German missionary and explorer

Johann Ludwig Krapf (11 January 1810 – 26 November 1881) was a German missionary in East Africa, as well as an explorer, linguist, and traveller. Krapf played an important role in exploring East Africa with Johannes Rebmann. They were the first Europeans to see Mount Kenya, with the help of Akamba, who dwelled at its slopes, and Kilimanjaro.

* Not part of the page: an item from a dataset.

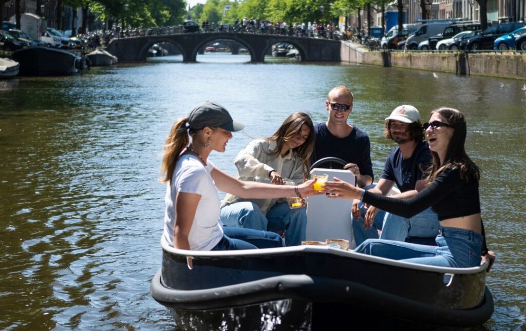 De boten op locatie Nassaukade zijn elektrische sloepen die te besturen zijn door middel van een stuurwiel.
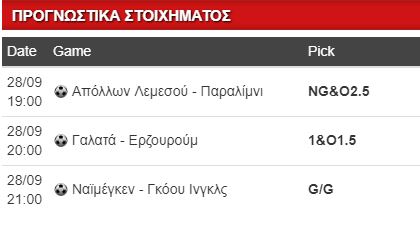 Τέλος πάω Τουρκία και στο παιχνίδι της Γαλατά με την Ερζουρούμ. Οι νεοφώτιστοι δυσκολεύονται πολύ και μετά από 6 αγωνιστικές μετρούν μόλις 2 βαθμούς και αυτούς εκτός έδρας. Στο πιο πρόσφατό τους ηττήθηκαν με 0-1, εντός έδρας παρόλο που αγωνίστηκαν από το 8’ με παίχτη παραπάνω. Αυτό έφερε την απόλυση του κόουτς Αλτιπαρμάκ και την πρόσληψη του Εζντιλέκ, που σήμερα όμως δεν θα είναι στον πάγκο. Από ισχυρή «σφαλιάρα» και η Γαλατά, 2η φετινή, μετά το 3-0 κόντρα στην Ακίσασπορ, σε ένα παιχνίδι όμως που δεν ήταν τόσο κακή, έχοντας χαμένο πέναλτι στο 43’ με το σκορ στο 0-0. Θεωρώ πως η «Τζιμ Μπομ» θα βγάλει αντίδραση όπως συνηθίζει άλλωστε μετά από τέτοιες ήττες και ειδικά εντός έδρας σκοράρει από 2 γκολ και πάνω στα 20 από τα 22 πιο πρόσφατά της. Άσος και Over 1.5 σε απόδοση 1.42.

Ludwig Krapf visited Ukambani, the homeland of the Kamba people, in 1849 and again in 1850. He successfully translated the New Testament to the Kamba language. Krapf also played a key role in exploring the East African coastline, especially in Mombasa.

==Early life==
Krapf was born into a Lutheran family of farmers in southwest Germany. From his school days onward he developed his gift for languages. He initially studied Latin, Greek, French and Italian. More languages were to follow throughout his life. After finishing school he joined the Basel Mission Seminary at age 17 but discontinued his studies as he had doubts about his missionary vocation. He studied theology at University of Tübingen and graduated in 1834. While working as an assistant village pastor, he met a Basel missionary, Peter Fjellstedt, who encouraged him to resume his missionary vocation.

==Ethiopia==
In 1836 he was invited by the Anglican Church Missionary Society (CMS) to join their work in Ethiopia. Basel Mission seconded him to the Anglicans and from 1837 to 1842 he worked in this ancient Christian land. He prepared himself by learning ancient Ge'ez and the Amharic language of the Ethiopian Highlands. Landing at Tadjura, Krapf followed the trade route to Shewa, where he presented himself to its ruler, Meridazmach Sahle Selassie, and later accompanied the Meridazmach on a military campaign in southern Shewa. Krapf's pietist background did not help him much to understand and appreciate traditional Ethiopian Christianity, especially their emphasis on saints, liturgy and use of Ge'ez, a language no longer spoken. When he departed Shewa in 1842, he found his way to Gondar blocked by the aftermath of the Battle of Debre Tabor, retraced his steps to the court of Adara Bille, a chieftain of the Wollo Oromo who then robbed him. Krapf managed to effect his escape with his servants, and made his way to Massawa supported by the reluctant charity of the local inhabitants.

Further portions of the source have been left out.